▶ **Problem requirements**
Whatever precedes the line containing "6月29日,安徽新華學(xu" is not copied; that line and every line after it through the final one below are copied exactly, except pictures.

▶ **Provided material**
◇ ◇ ◇ ◇ ◇

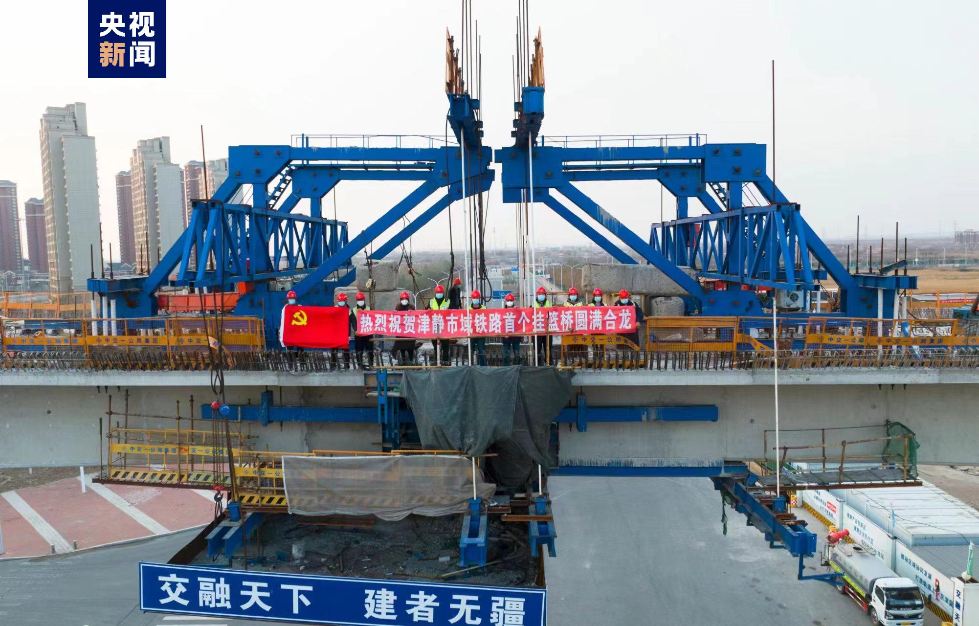 近日,津靜市域(郊)鐵路首開段工程首個懸澆梁合龍,關鍵架樑通道成功打通。
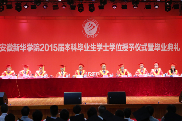 6月29日,安徽新華學(xué)院2015屆本科畢業(yè)生學(xué)士學(xué)位授予儀式暨畢業(yè)典禮在校大禮堂隆重舉行。集團(tuán)公司和學(xué)校領(lǐng)導(dǎo)為部分學(xué)生代表頒發(fā)學(xué)士學(xué)位證書(shū)并扶正流蘇。
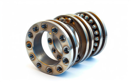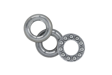 Thrust ball bearing isolated on white background, bearing are stacked upon each other, showcasing the inner structure
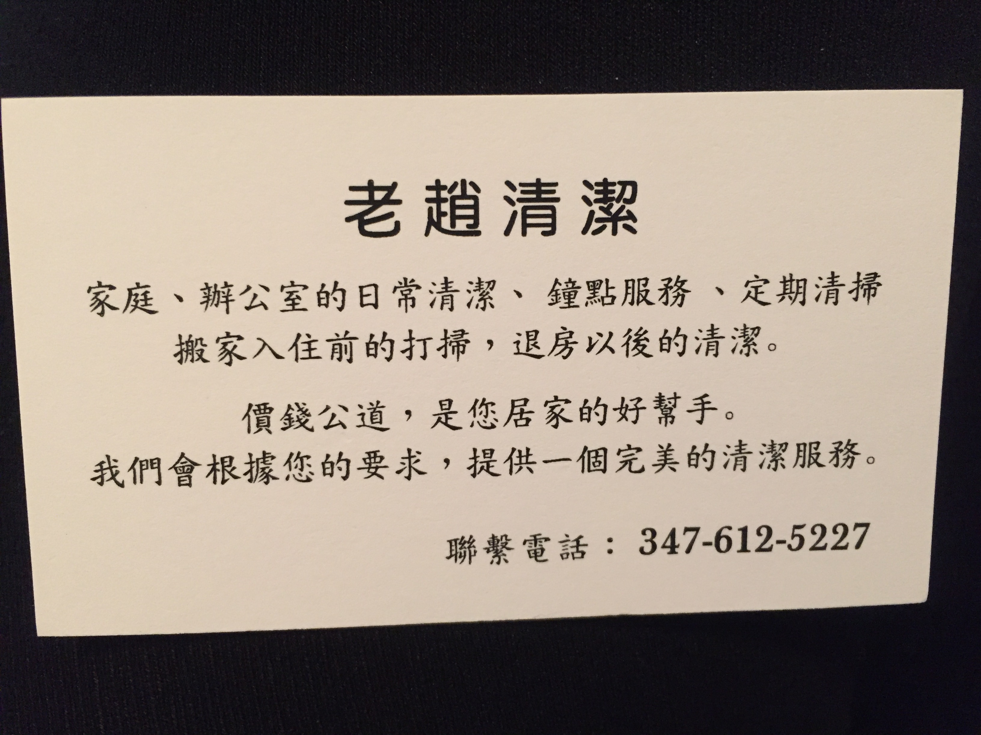 老趙清潔 347-612-5227 纽约日常清潔 鐘點服務 法拉盛定期清掃 入住前清掃

◇ ◇ ◇ ◇ ◇

▶ **Task output**
 6月29日,安徽新華學(xué)院2015屆本科畢業(yè)生學(xué)士學(xué)位授予儀式暨畢業(yè)典禮在校大禮堂隆重舉行。集團(tuán)公司和學(xué)校領(lǐng)導(dǎo)為部分學(xué)生代表頒發(fā)學(xué)士學(xué)位證書(shū)并扶正流蘇。
 Thrust ball bearing isolated on white background, bearing are stacked upon each other, showcasing the inner structure
 老趙清潔 347-612-5227 纽约日常清潔 鐘點服務 法拉盛定期清掃 入住前清掃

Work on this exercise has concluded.